* [EXERCISE INSTRUCTIONS]: Repeat exactly the lines that begin at the one containing "prodajem Hitachi HDD" and end at the final line of the records; include no pictures and nothing else.

* [SOURCE MATERIAL]:
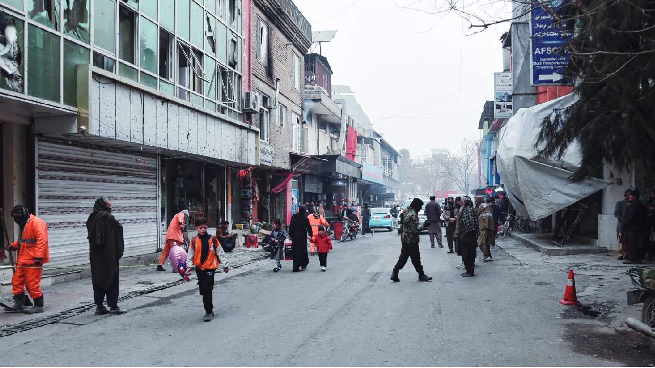 He said that one Chinese national was killed and five others were wounded. He added that China is urging Afghan authorities “to make every effort to treat the injured, further take effective measures to protect the safety of Chinese nationals (and) projects,” and to find and punish the perpetrators. The attack happened at a Chinese restaurant in the Shahr-e-Naw district in the city, according to police spokesperson Khalid Zadran. Workers cleaning the scene as Taliban police secure the area after an explosion at a Chinese restaurant.
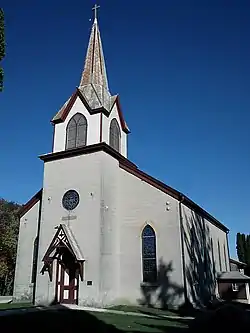 The main church follows a rectangular plan, measuring 64 by 44 feet (20 by 13 m).[3] The exterior is composed of locally quarried limestone covered with stucco. The projecting central pavilion is capped with a frame bell chamber and spire that rises to a height of 100 feet (30 m). The main entrance, also located in the central pavilion, is located within an elliptical arch that is framed by a Gothic portico. The side elevations feature five lancet windows that are symmetrically placed.
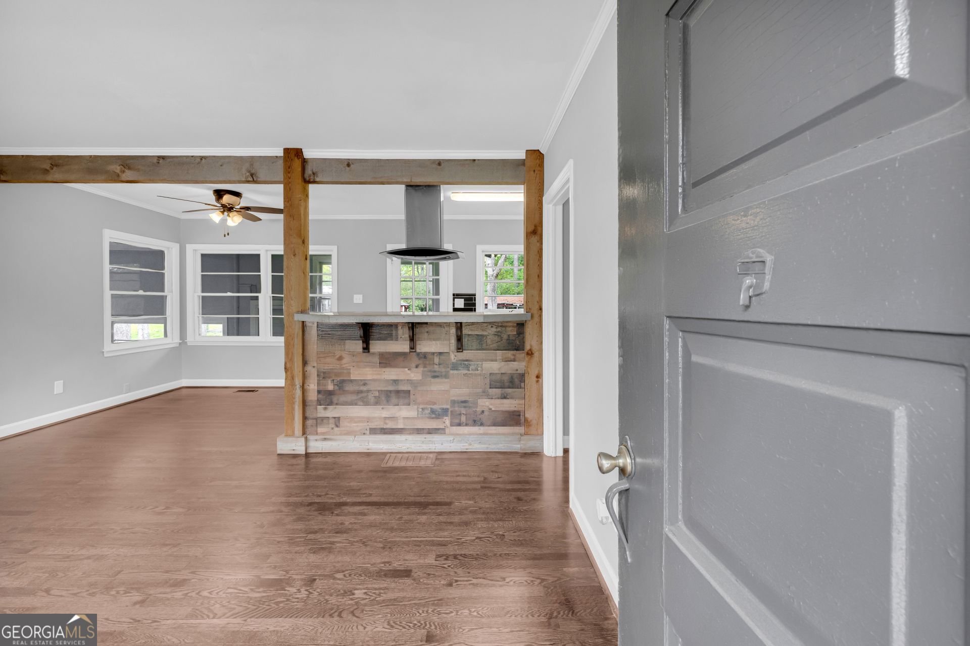 Updated 2 bedroom 1 bath home in the city of Commerce. Open Living and Kitchen area with stainless appliances including a gas range. Refrigerator and stackable washer/dryer remains with home. Outside and inside recently painted. Beautiful site finished hardwood floors throughout. Bonus space could be used for workout area, at home office or craft space. Level front and back yard with a storage building and shed out back. Conveniently located in Commerce near shopping and dining options.
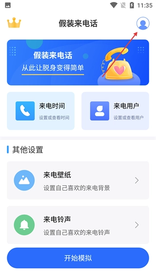 1、点击“假装来电话”界面右上角的个人图标,进入个人中心。
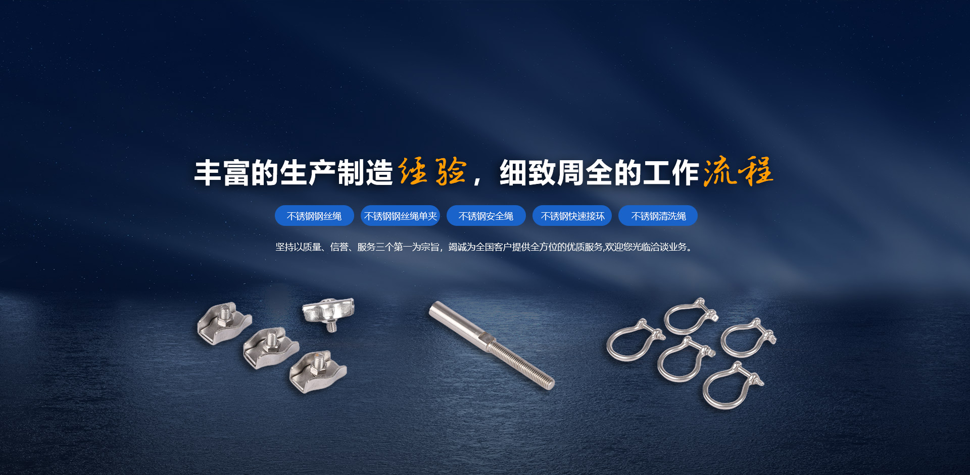 我公司生產不銹鋼鋼絲繩,鋼絲繩配件,不銹鋼索具配件等,是一家集研發、生產、銷售、售后為一體的綜合性企業。
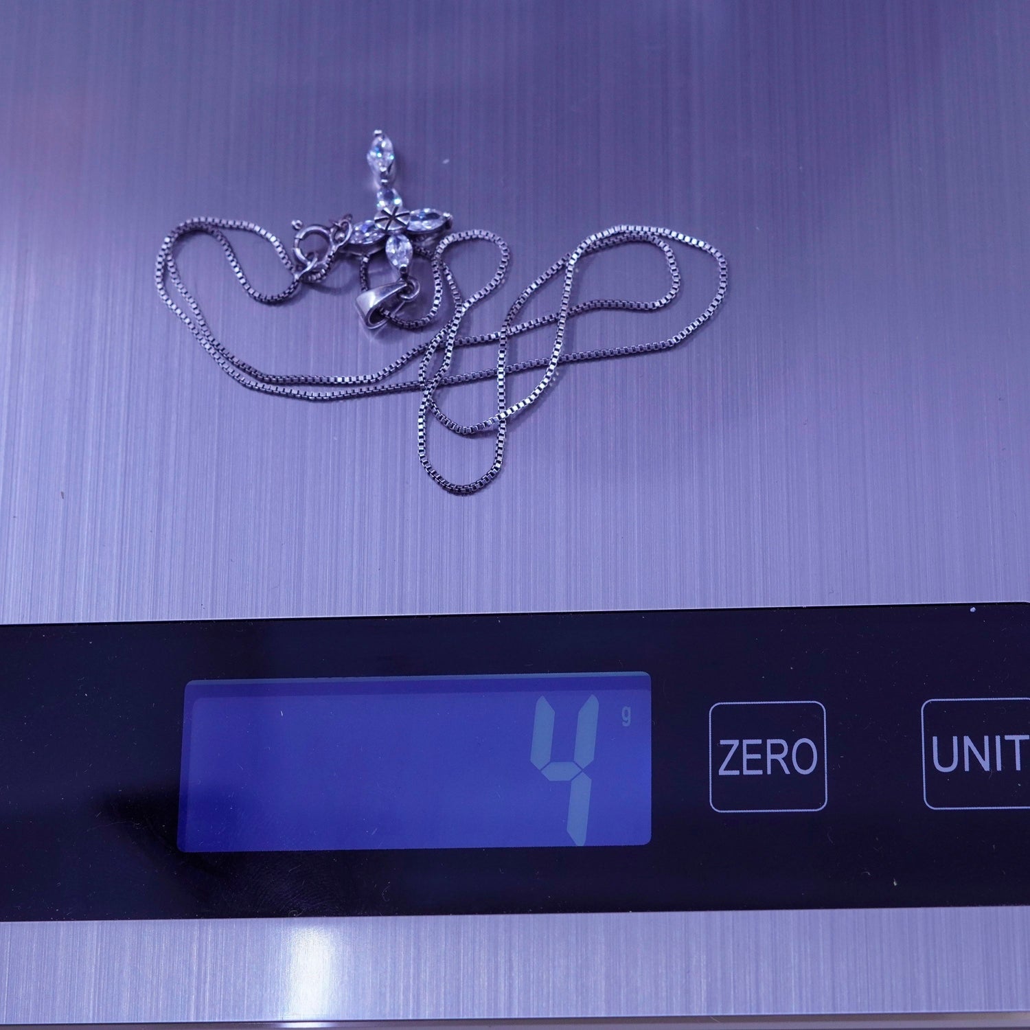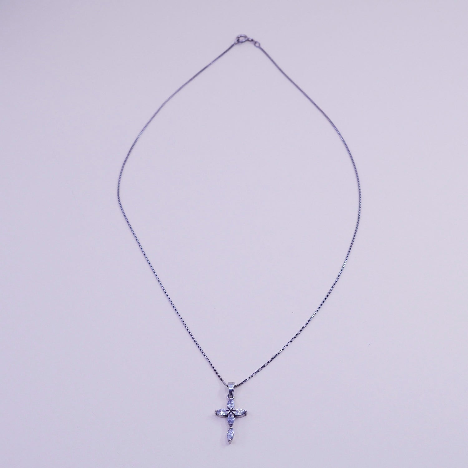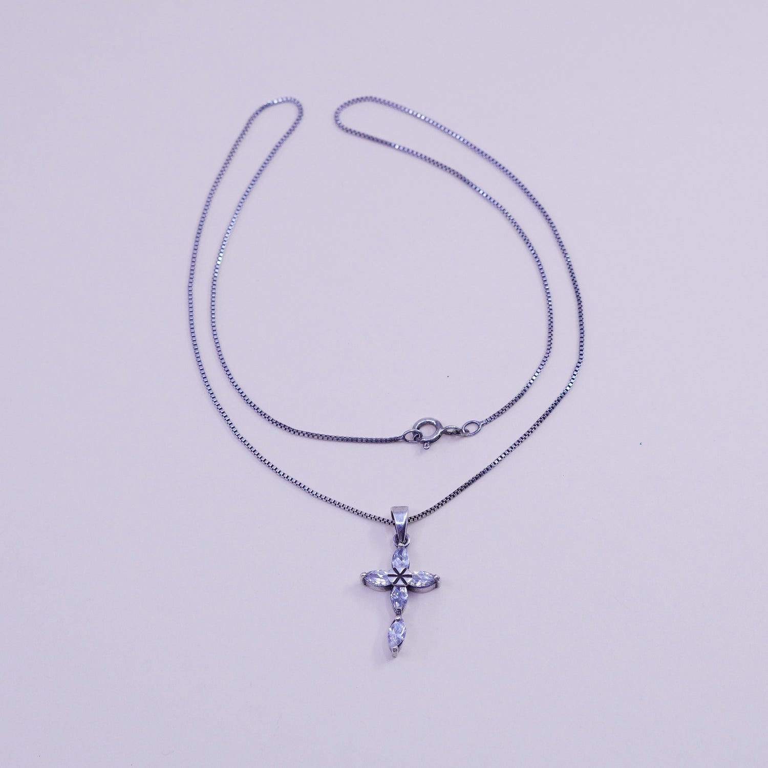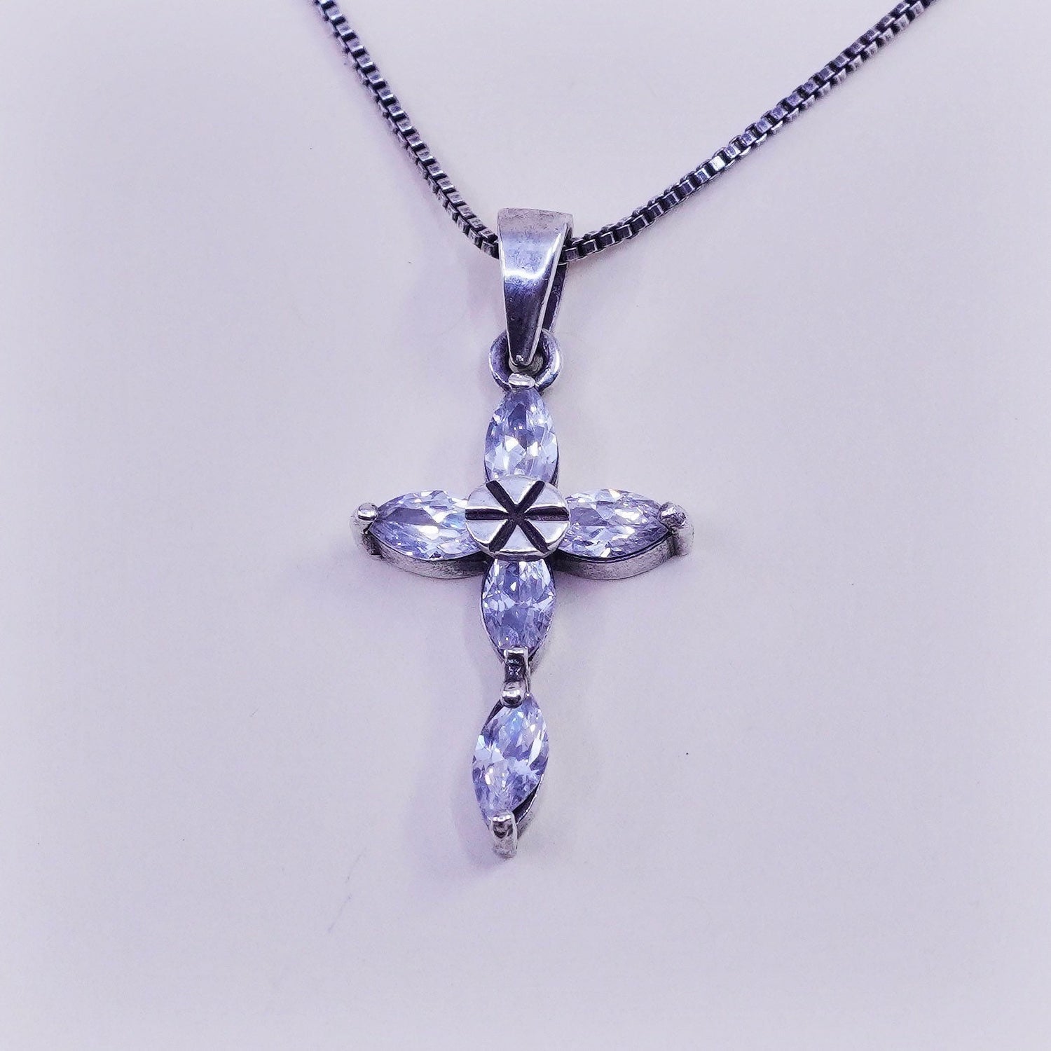 18", 1mm, Vintage sterling silver box chain with cz cross pendant, necklace, stamped 925
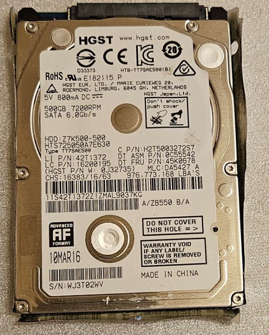 prodajem Hitachi HDD HGST HTS725050A7E630 500GB 2,5" 7200rpm
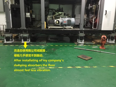 广东东莞某公司的自动塑料热成型机(塑料制杯机)安装在三楼楼板上,改造前使用的橡胶板垫在设备下,楼板振动仍然很强烈。
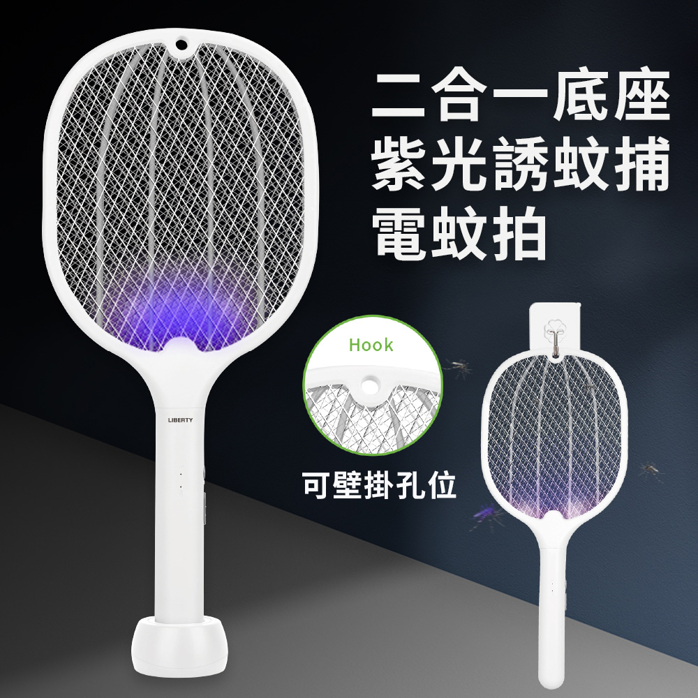 LIBERTY 利百代 二合一底座紫光誘蚊捕蚊拍 LY-8009ZA 電蚊拍 捕蚊燈 大容量鋰電池 三層防護網 紫光燈誘蚊
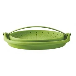Utilisez la Passoire Silicone Rétractable pour égoutter vos aliments, mais pas seulement : elle peut également vous servir à cuire à la vapeur vos légumes ! En effet, la Passoire Pliable s’adapte sur des casseroles de 24 cm de diamètre, devenant ainsi un Panier Cuisson Vapeur avec une anse amovible. De plus, cette Passoire en Silicone supporte les températures de – 40 à 220 °C.

* [OUTPUT OF THE EXERCISE]:
 prodajem Hitachi HDD HGST HTS725050A7E630 500GB 2,5" 7200rpm
 广东东莞某公司的自动塑料热成型机(塑料制杯机)安装在三楼楼板上,改造前使用的橡胶板垫在设备下,楼板振动仍然很强烈。
 LIBERTY 利百代 二合一底座紫光誘蚊捕蚊拍 LY-8009ZA 電蚊拍 捕蚊燈 大容量鋰電池 三層防護網 紫光燈誘蚊
Utilisez la Passoire Silicone Rétractable pour égoutter vos aliments, mais pas seulement : elle peut également vous servir à cuire à la vapeur vos légumes ! En effet, la Passoire Pliable s’adapte sur des casseroles de 24 cm de diamètre, devenant ainsi un Panier Cuisson Vapeur avec une anse amovible. De plus, cette Passoire en Silicone supporte les températures de – 40 à 220 °C.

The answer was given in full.